ESPN’s partnerships with MLB and the NHL also highlight Disney’s difficult path to offering direct-to-consumer services while attempting to support the lucrative cable bundle. In partnering with the two sports leagues, ESPN has the opportunity to make its new app something of a sports-focused “skinny bundle,” perhaps even including those leagues’ broadcast networks in addition to their streaming services. That potential would only grow if Disney’s acquisition of parts of 21st Century Fox  is approved, as it will include broadcast rights to local broadcasts of many MLB and National Basketball Association games.

A platform of sports content from several sources, especially if offered without the need for cable subscriptions, could be a death knell for the cable bundle. Sports fans have largely held on to cable subscriptions because they are typically the only way to watch local sports teams — those broadcasts are typically blacked out on streaming services — as well as ESPN and other national sports networks.

At launch, though, ESPN's app is nowhere near that kind of offering. Current subscribers of the MLB and NHL streaming services won’t be able to watch that content through the ESPN app at launch. ESPN is offering subscriptions for those plans, but viewers must sign up through the ESPN app and pay Disney their subscription fee ($25 a month for MLB), similar to signing up for the services through a cable provider. Current subscribers will still have to visit those services’ dedicated apps instead of accessing all their paid sports content in ESPN’s app.

The new ESPN app and ESPN+ streaming service appear to be something of a test for Disney, which plans to launch similar offerings for non-sports content, as well as a warning to cable providers that Disney has a plan should they fail to keep the bundle alive. ESPN admitted that several features not available at launch are under consideration for the future, including pay-per-view events and bundling subscriptions with a similar effort on its website, ESPN Insider.

“We will continue to build the programming portfolio, actively, in the months and years ahead,” ESPN told MarketWatch.

That makes the service that launched Thursday unlikely to move the needle for Disney or consumers, as some investors may have hoped. ESPN is offering a 30-day free trial for consumers who sign up by April 18, and a seven-day free trial for other interested parties

”We’re going to see a niche-sports over-the-top service that allows Disney to learn more about the direct-to-consumer business,” BTIG’s Greenfield said. “If this was about getting tens of millions of subscribers, it would have everything.”

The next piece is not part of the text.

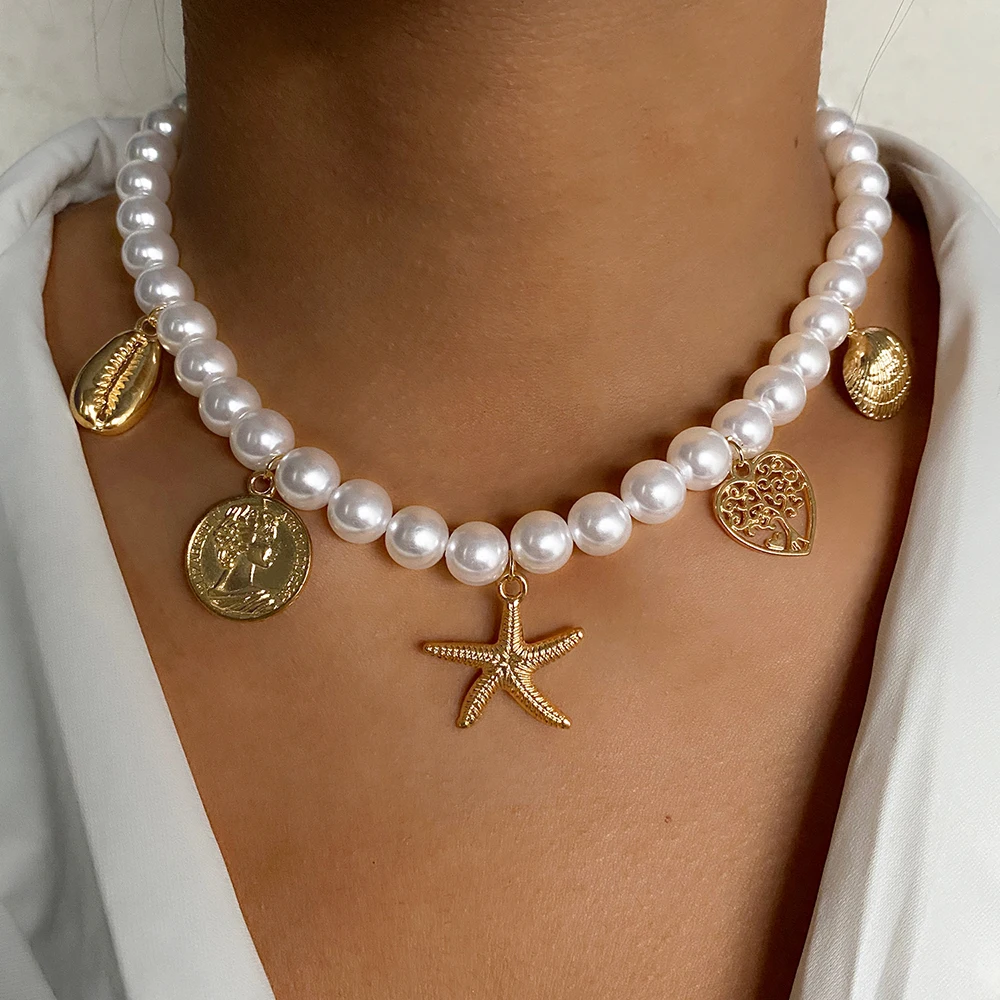 Женское Ожерелье IPARAM с кулоном из жемчуга и ракушек, цепочка-чокер в богемном стиле с подвеской в форме сердца, летняя цепочка, Подарочная бижутерия

When Netflix separated its streaming and DVD-by-mail businesses, the company was not yet producing and distributing its own original content on the streaming service, instead offering mostly older shows and movies that could easily be found on cable or elsewhere. With ESPN+, Disney appears to have something similar to Netflix’s early attempt, with the same potential to be something much different down the line.

Disney stock fell 0.4% after the new service and app launched Thursday. Shares have declined 11.2% in the past year amid concerns about ESPN, while the Dow Jones Industrial Average  — which counts Disney as a component — has increased 17.1%.